> Problem description
From the line containing "Produktbeskrivning StarTech.com 8U" down to the line containing "For further information", copy out the entries below exactly, both lines included, and nothing else; pictures do not belong in the copy.

> Supplied data
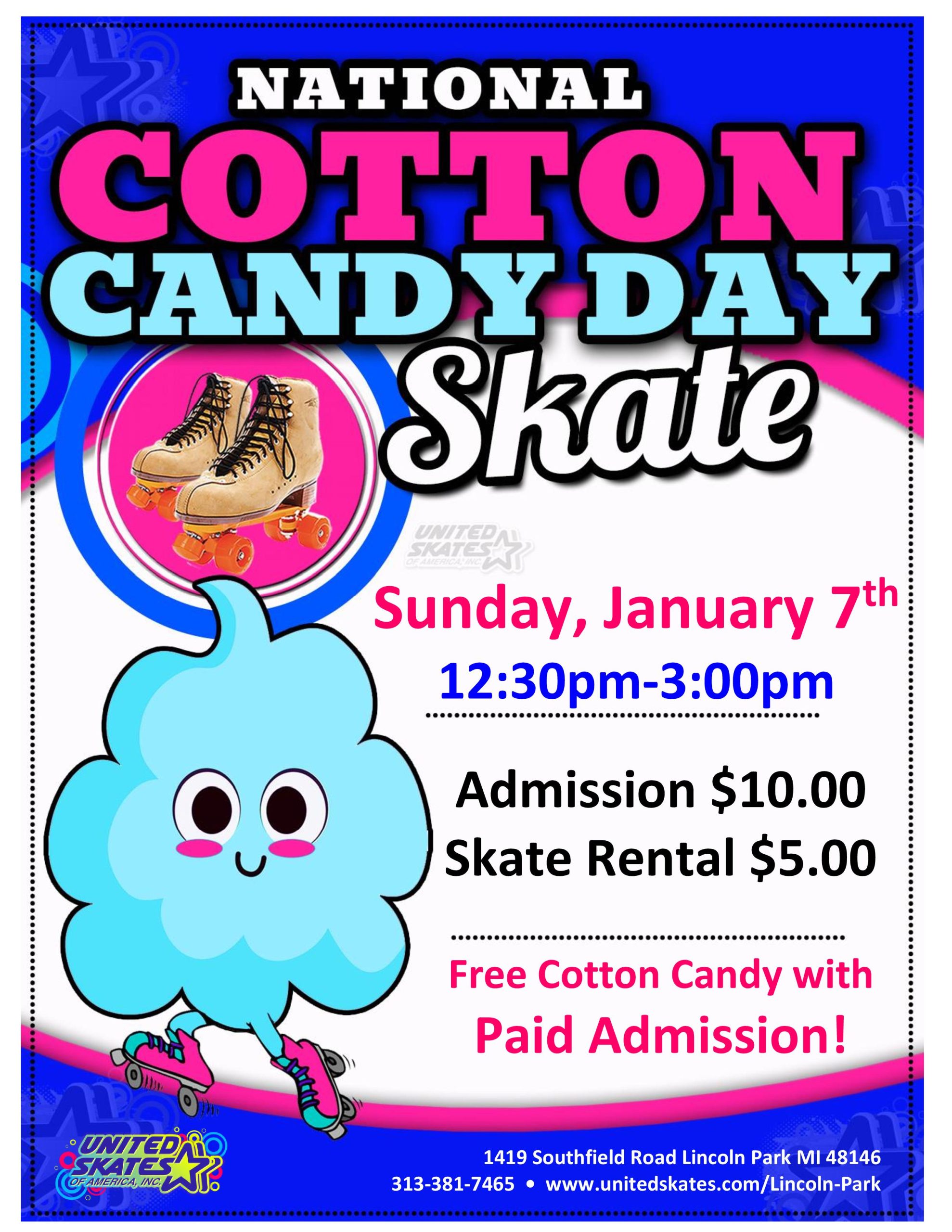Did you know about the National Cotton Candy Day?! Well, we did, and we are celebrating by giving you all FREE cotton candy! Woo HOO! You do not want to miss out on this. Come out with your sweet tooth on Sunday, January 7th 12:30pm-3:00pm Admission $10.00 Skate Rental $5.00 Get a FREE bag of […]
---
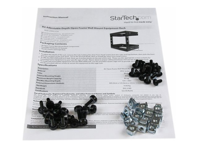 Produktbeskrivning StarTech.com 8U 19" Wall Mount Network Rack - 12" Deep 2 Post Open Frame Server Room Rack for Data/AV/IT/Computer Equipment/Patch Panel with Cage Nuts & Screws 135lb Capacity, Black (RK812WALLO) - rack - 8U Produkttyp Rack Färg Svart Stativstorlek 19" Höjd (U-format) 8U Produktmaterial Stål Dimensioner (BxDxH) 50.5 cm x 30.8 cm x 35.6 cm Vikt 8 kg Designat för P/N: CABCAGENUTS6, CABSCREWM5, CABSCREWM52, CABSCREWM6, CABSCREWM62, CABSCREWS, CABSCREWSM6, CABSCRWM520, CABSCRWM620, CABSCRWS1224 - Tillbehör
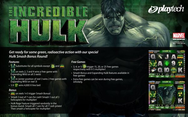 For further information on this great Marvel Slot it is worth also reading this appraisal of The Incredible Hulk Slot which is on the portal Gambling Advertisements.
--
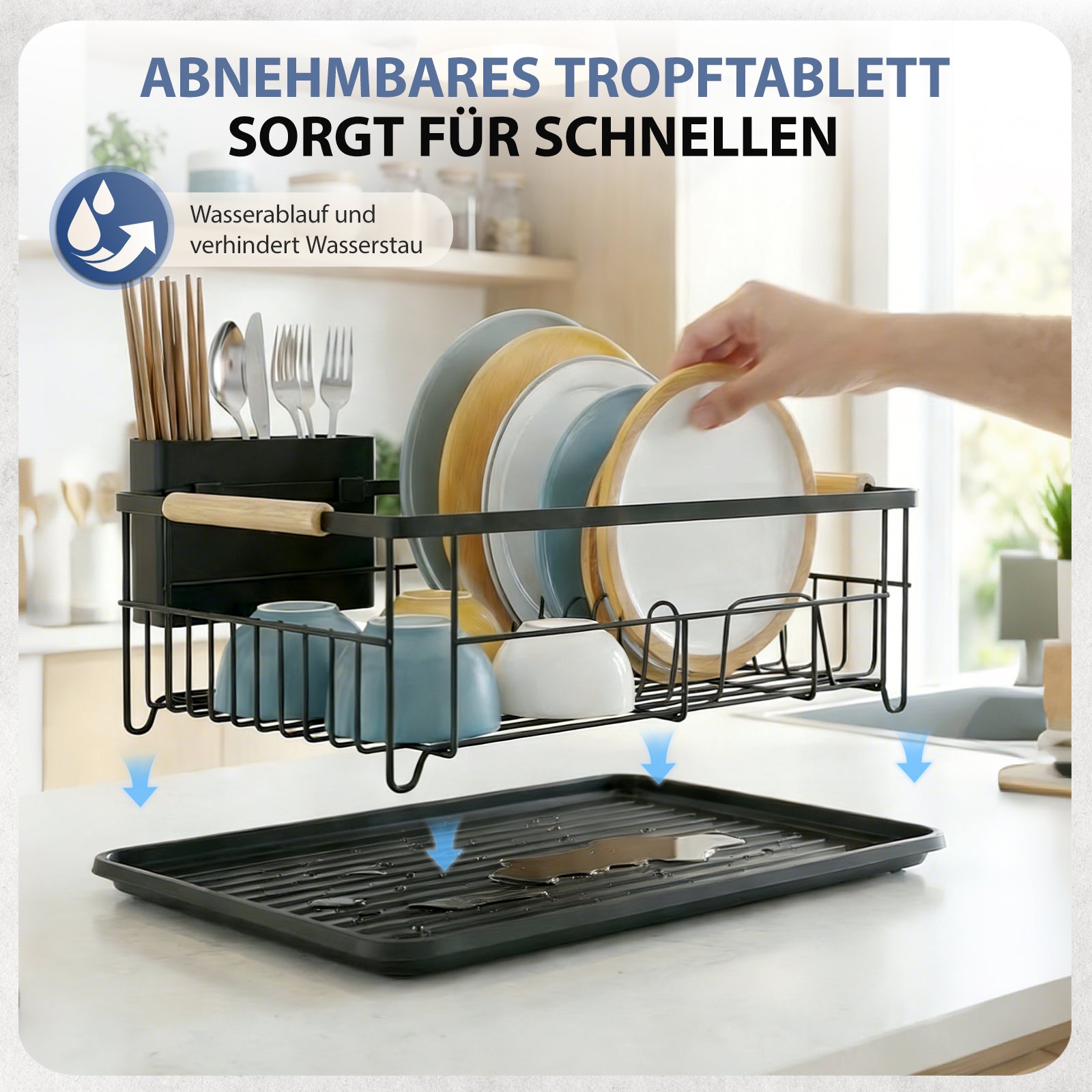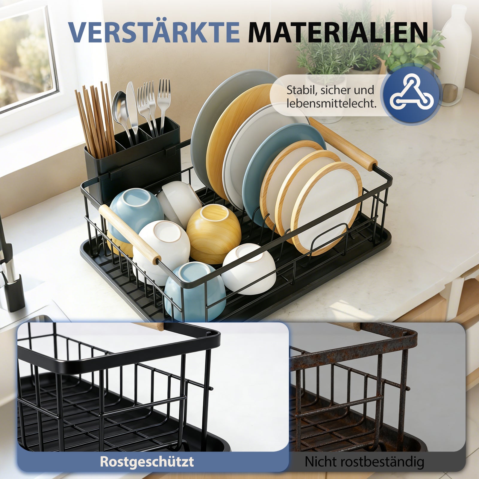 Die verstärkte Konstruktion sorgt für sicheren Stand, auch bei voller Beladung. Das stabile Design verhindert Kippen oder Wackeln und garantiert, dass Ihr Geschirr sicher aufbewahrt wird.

> Response box
 Produktbeskrivning StarTech.com 8U 19" Wall Mount Network Rack - 12" Deep 2 Post Open Frame Server Room Rack for Data/AV/IT/Computer Equipment/Patch Panel with Cage Nuts & Screws 135lb Capacity, Black (RK812WALLO) - rack - 8U Produkttyp Rack Färg Svart Stativstorlek 19" Höjd (U-format) 8U Produktmaterial Stål Dimensioner (BxDxH) 50.5 cm x 30.8 cm x 35.6 cm Vikt 8 kg Designat för P/N: CABCAGENUTS6, CABSCREWM5, CABSCREWM52, CABSCREWM6, CABSCREWM62, CABSCREWS, CABSCREWSM6, CABSCRWM520, CABSCRWM620, CABSCRWS1224 - Tillbehör
 For further information on this great Marvel Slot it is worth also reading this appraisal of The Incredible Hulk Slot which is on the portal Gambling Advertisements.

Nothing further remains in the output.